* Dataset excerpt
--------
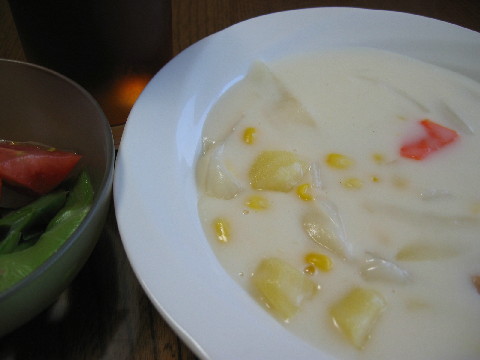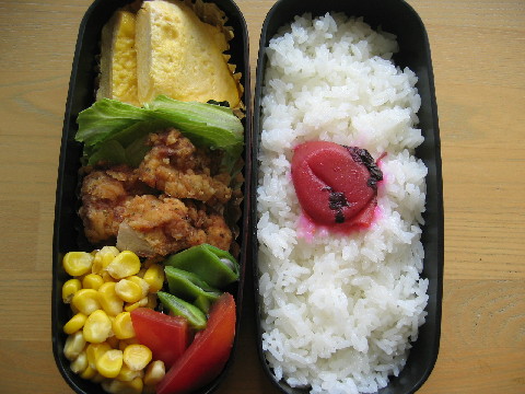 今日のお弁当 まんねりだわ~^^; ◆玉子焼き ◆昨日の唐揚げの残り ◆サラダ(いんげん・トマト・コーン) ◆白米・梅干し 晩ごはん コーンがたくさんあるのでシチューにしました。 ◆シチュー ◆サラダ(いんげん・トマト)
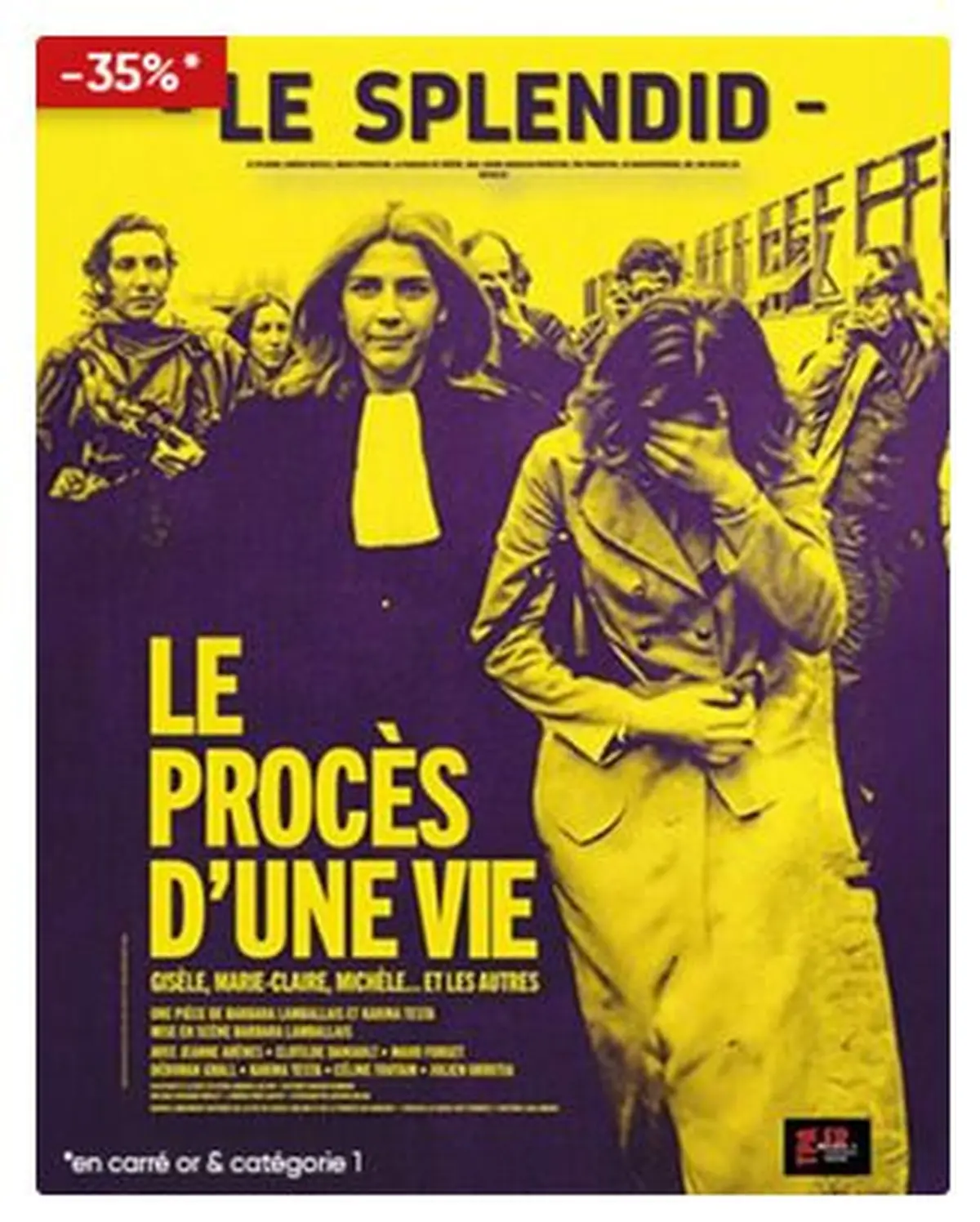 Ne manquez pas la promotion limitée : bénéficiez de -35% en carré or et catégorie 1 jusqu'au 29 avril pour assister au spectacle Le Procès d'une vie au Théâtre du Splendid à Paris.
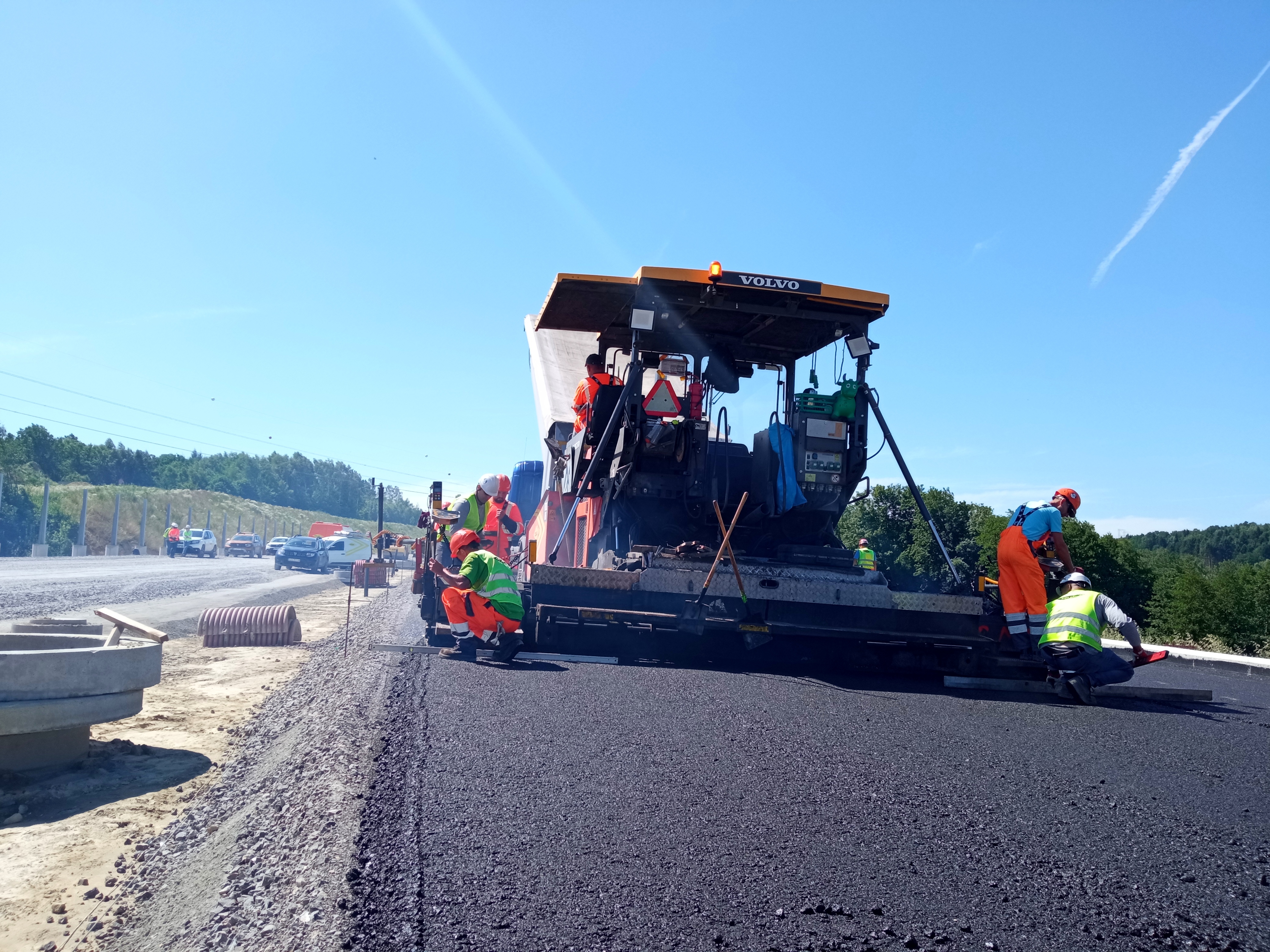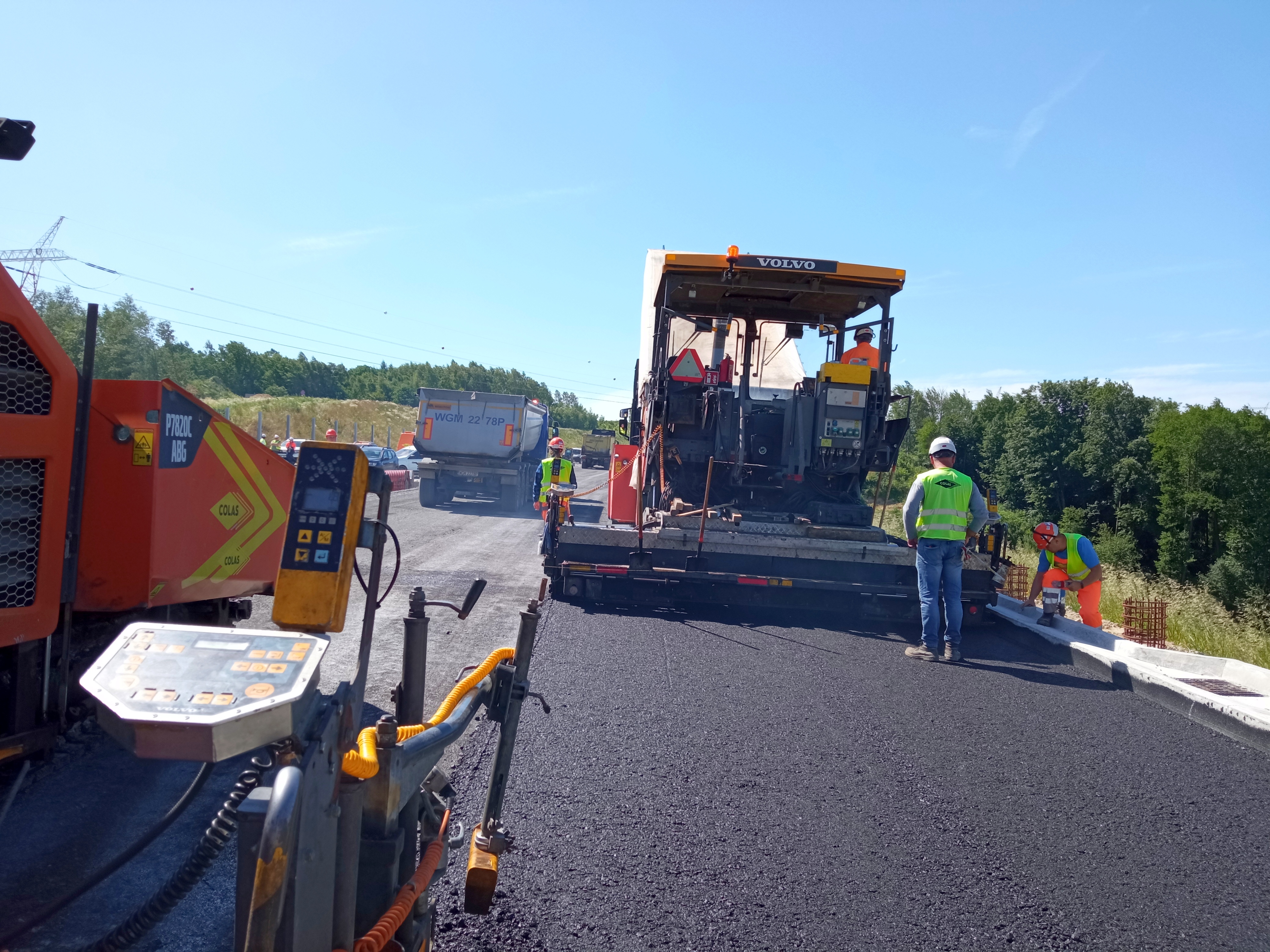 Dosłownie w pocie czoła układali 500-metrową podbudowę z mieszanki AC22P, gdyż w chwili wbudowywania temperatura masy asfaltowej wynosiła ok. 170 °C. Do wykonania odcinka próbnego zużyto łącznie 1 100 ton masy bitumicznej. Aby uzyskać optymalną strukturę nawierzchni, zastosowano dwa gąsienicowe rozściełacze asfaltu, pięć walców drogowych oraz flotę samochodów dostarczających gorącą masę na plac budowy.
--------
* Assigned task
Across the whole listing, reproduce each line verbatim and exclude every picture.

* Output of the exercise
 今日のお弁当 まんねりだわ~^^; ◆玉子焼き ◆昨日の唐揚げの残り ◆サラダ(いんげん・トマト・コーン) ◆白米・梅干し 晩ごはん コーンがたくさんあるのでシチューにしました。 ◆シチュー ◆サラダ(いんげん・トマト)
 Ne manquez pas la promotion limitée : bénéficiez de -35% en carré or et catégorie 1 jusqu'au 29 avril pour assister au spectacle Le Procès d'une vie au Théâtre du Splendid à Paris.
 Dosłownie w pocie czoła układali 500-metrową podbudowę z mieszanki AC22P, gdyż w chwili wbudowywania temperatura masy asfaltowej wynosiła ok. 170 °C. Do wykonania odcinka próbnego zużyto łącznie 1 100 ton masy bitumicznej. Aby uzyskać optymalną strukturę nawierzchni, zastosowano dwa gąsienicowe rozściełacze asfaltu, pięć walców drogowych oraz flotę samochodów dostarczających gorącą masę na plac budowy.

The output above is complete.